Cylinder on an Inclined Plane

Introduction

The acceleration of a cylinder that rolls on an inclined plane is generally considerably less than that of a similar mass that slides without friction on the same plane. The reason for this difference is that rolling mass has more inertia than the sliding mass due to the need to accelerate both its rolling speed and its center of mass motion. This animation will allow the viewer to see the variation of the acceleration due to changing the mass distribution of the cylinder.

Figures

Figure 1. Cylinder rolling on a plane inclined at angle θ from the horizontal. Inner and outer radius are labeled.

Physics of Rolling Cylinder

The cylinder is accelerated angularly by application of a force, F, at the point of contact on the plane. The force results in a torque, T, about the center of mass of the cylinder. The torque is defined as:

$T = r \times F$

(1.1)

where r is the radius of the cylinder and the x symbol denotes cross product.

Since the mass rolls without slipping, its center of mass moves at speed

$v = ω r$

(1.2)

where ω is the angular rate of rotation (radians sec^-1).

The cylinder center of mass (its axis) is accelerated at the rate:

$\frac{d v}{d t} = \dot{ω} r$

(1.3)

where the dot over the ω denotes time derivative.

Even if there were no center of mass motion, all of the masses in the cylinder also have to be accelerated and rotate at ω. The inertia (i.e. resistance to rotation) of these depend on their radial location. The relation between rotational acceleration and applied torque obeys the following equation:

$I \dot{ω} = | r \times F |$

(1.4)

where the angular moment of inertial, I, is defined as (see Appendix below):

$I = \int_{R_{I}}^{R_{O}} r^{2} d m (r)$

(1.5)

where R_I, R_O are the inner and outer radius and dm(r) is the incremental mass at radius r. For a cylinder dm(r) is defined as

$d m (r) = 2 π L ρ r d r$

(1.6)

where ρ is the mass per unit volume and L is the axial length of the cylinder.

Inserting equation (1.6) into equation (1.5) and integrating over r we obtain:

$I = \frac{2 π}{4} ρ L (R_{O}^{4} - R_{I}^{4})$

(1.7)

By performing a similar integral we obtain the total mass of the cylinder:

$M = \int_{R_{I}}^{R_{O}} d m (r) = 2 π L ρ \int_{R_{I}}^{R_{O}} r d r = \frac{2 π}{2} L ρ (R_{O}^{2} - R_{I}^{2})$

(1.8)

Dividing equation (1.7) by equation (1.8) we obtain the simplified result:

$I = \frac{M}{2} (R_{O}^{2} + R_{I}^{2})$

(1.9)

It should be noted that equation (1.9) is valid only for cases where the density, ρ, remains constant between R_I and R_O. Note that I can vary from MR_O²/2 (solid cylinder) to MR_O² (hoop) as r_I varies from 0 to r_O.

In addition to the angular inertia, we have to include the inertia associated with the center of mass's motion.
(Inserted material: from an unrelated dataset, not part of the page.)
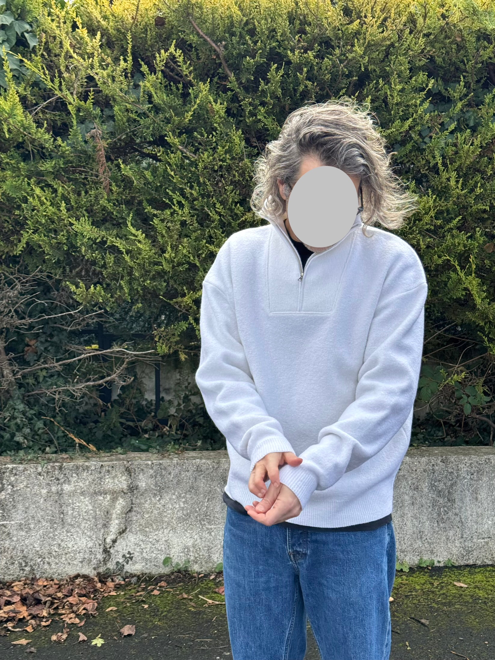 C’est pas dans mon habitude d’émettre des critiques négatives, mais je trouve que le rendu de ces manches n’est pas top sur toi. Je me permet aussi d’émettre des réserves vis a vis de la couleur : un pull blanc optique, je ne vois pas bien l’intérêt. Ça contraste énormément avec a peu près toutes les couleurs de bas (quoi que dans l’association que tu as faite ici, ça passe plutôt bien) et je doute que ça se porte régulièrement. Le but n’est pas de te plomber le moral hein ^^ … juste de te donner mon avis honnête.

That component is

$I_{C M} = M r_{O}^{2}$

(1.10)

Then the total inertial moment is:

$I_{t o t a l} = \frac{M}{2} (3 r_{O}^{2} + r_{I}^{2})$

(1.11)

Note that I_total can vary from 3MR_O²/2 (solid cylinder) to 2MR_O² (hoop) as r_I varies from 0 to r_O.

We should also compute the torque available due to an inclined plane. If the plane's angle with the horizontal is θ then the torque is

$T = M g r_{O} \sin θ$

(1.12)

where g is the acceleration of gravity.

Then the angular acceleration is

$\dot{ω} = \frac{M g r_{O} \sin θ}{I_{t o t a l}} = \frac{2 g r_{O} \sin θ}{(3 r_{O}^{2} + r_{I}^{2})}$

(1.13)

On many machines, the rolling mass is connected to a much larger non-rolling mass. An example would be the wheel on a bicycle. One might consider the question of the effect on acceleration of adding/removing mass to/from the rolling part as compared to a similar effect on the non-rolling part. Looking at equation (1.11), if the mass is added or removed near r_O of the roller so that r_Iis approximately equal to r_O , then its effect on inertia is twice as much as if the mass is added or removed from the non-rolling part i.e.:

$\begin{array}{l} \frac{δ I_{t o t a l}}{δ M} \approx \frac{1}{2} (3 r_{O}^{2} + r_{I}^{2}) \approx 2 r_{O}^{2} r o l l i n g \\ \frac{δ I_{n o n - r o l l i n g}}{δ M} \approx r_{O}^{2} n o n - r o l l i n g \end{array}$

(1.14)

Appendix: Torque required to accelerate the angular rate of a mass at radius r

It is well understand that the force required to linearly accelerate a mass follows Newton's law of motion:

$m \frac{d v}{d t} = F$

(1.15)

The force required to change the angular rate of a mass at radius r is then:

$m r \frac{d ω}{d t} = F$

(1.16)

Since we want to have the torque corresponding to this force we multiply both sides of the equation by the radius, r.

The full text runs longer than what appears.